= Sir Alexander Macdonnell, 1st Baronet =

Sir Alexander MacDonnell, 1st Baronet (1794–1875) was an Irish civil servant, commissioner of national education in Ireland.

==Life==

MacDonnell, eldest son of the physician and polymath James MacDonnell, was born at Belfast in 1794. He gained a king's scholarship at Westminster School in 1809, and was elected in 1813 to Christ Church, Oxford, where he held a studentship until 1826. He graduated B.A. 1816, and M.A. 1820, and won four university prizes—those for Latin and English verse and for the Latin and English essays – an accumulation of honours only once before achieved.
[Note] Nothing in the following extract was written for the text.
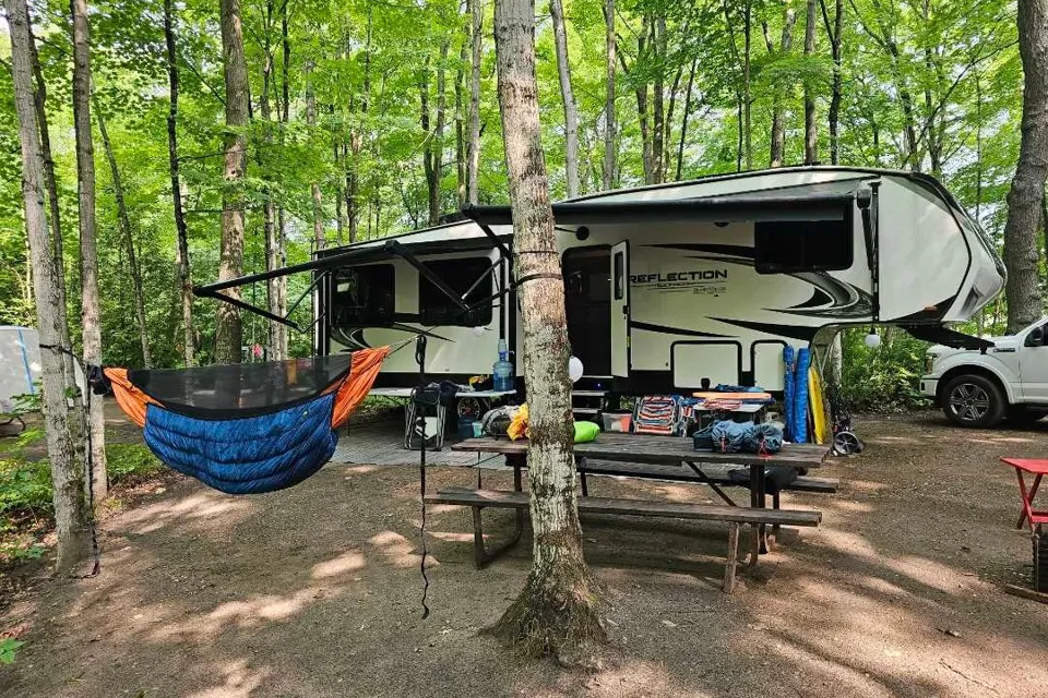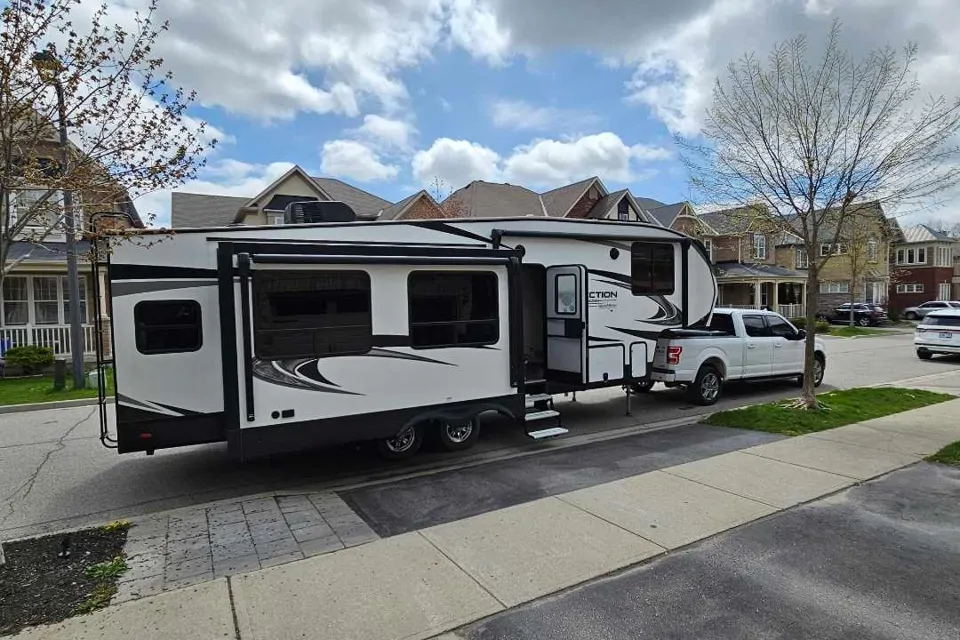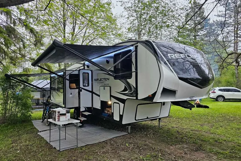 Beautiful fifth wheel perfect for your next adventure, please reach out with any questions. We have everything you need for a great trip. Full kitchen, bathroom, and tons of extra storage. Have a great day!

He was called to the bar at Lincoln's Inn, 23 November 1824, went the midland circuit, attended the Leicester and Northampton sessions, and served as a commissioner of inquiry into public charities. Of an exceedingly sensitive temperament, he broke down in pleading a case before a committee of the House of Lords, and, mortified beyond expression, renounced the bar, returned to Ireland, and accepted the position of chief clerk in the chief secretary's office under Thomas Drummond (1797–1840).

In 1839 he was appointed resident commissioner of the board of education, of which he became the presiding genius. While himself an ardent Protestant, he persistently sought to provide for his poorer countrymen the religious instruction of their choice. He was made a privy councillor of Ireland in 1846, resigned his commissionership in December 1871, and was created a baronet 20 January 1872. Study of the classics and history formed the chief solace of his retirement. During his tenure the Irish language went into serious decline as an English language only education system coupled with massive emigration caused irreparable cultural damage.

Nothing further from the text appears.